Existence of primitive $1$-normal elements in finite fields

TL;DR

This paper proves the existence of primitive 1-normal elements in finite fields for all prime powers q and integers n ≥ 3, completing a previously posed problem and extending known results.

Contribution

It establishes the existence of primitive 1-normal elements in all finite fields with n ≥ 3, generalizing prior partial results and solving an open problem.

Findings

Primitive 1-normal elements exist for all q and n ≥ 3.

Completes the proof of a conjecture from previous work.

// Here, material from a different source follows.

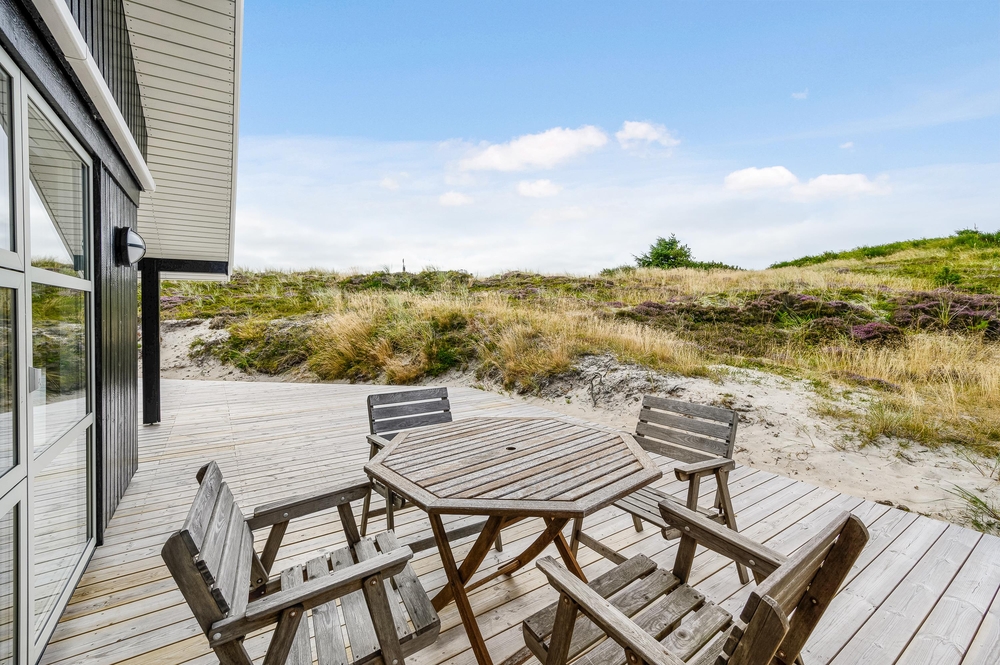 Das Ferienhaus liegt in Skodbjerge dicht an der Heidelandschaft, durch die ein Naturwanderweg führt. Also ein idealer Standpunkt, um mit dem Rad oder zu Fuß die imposante Natur zu erleben, wenn gerade im Spätsommer die Heide blüht. Oder ihr macht einen ausgiebigen Spaziergang am Strand und geht auf Muschelsuche, während die frische Brise der Nordsee euch um die Nase weht.

Extends the class of known primitive elements in finite fields.

Abstract

An element $\alpha \in \mathbb F_{q^n}$ is \emph{normal} if $\mathcal{B} = \{\alpha, \alpha^q, \ldots, \alpha^{q^{n-1}}\}$ forms a basis of $\mathbb F_{q^n}$ as a vector space over $\mathbb F_{q}$; in this case, $\mathcal{B}$ is a normal basis of $\mathbb F_{q^n}$ over $\mathbb F_{q}$. The notion of $k$-normal elements was introduced in Huczynska et al (2013). Using the same notation as before, $\alpha$ is $k$-normal if $\mathcal{B}$ spans a co-dimension $k$ subspace of $\mathbb F_{q^n}$. It can be shown that $1$-normal elements always exist in $\mathbb F_{q^n}$, and Huczynska et al (2013) show that elements that are simultaneously primitive and $1$-normal exist for $q \geq 3$ and for large enough $n$ when $\gcd(n,q) = 1$ (we note that primitive $1$-normals cannot exist when $n=2$). In this paper, we complete this theorem and show that primitive, $1$-normal elements of $\mathbb F_{q^n}$ over $\mathbb F_{q}$ exist for all prime powers $q$ and all integers $n \geq 3$, thus solving Problem 6.3 from Huczynska, et al (2013).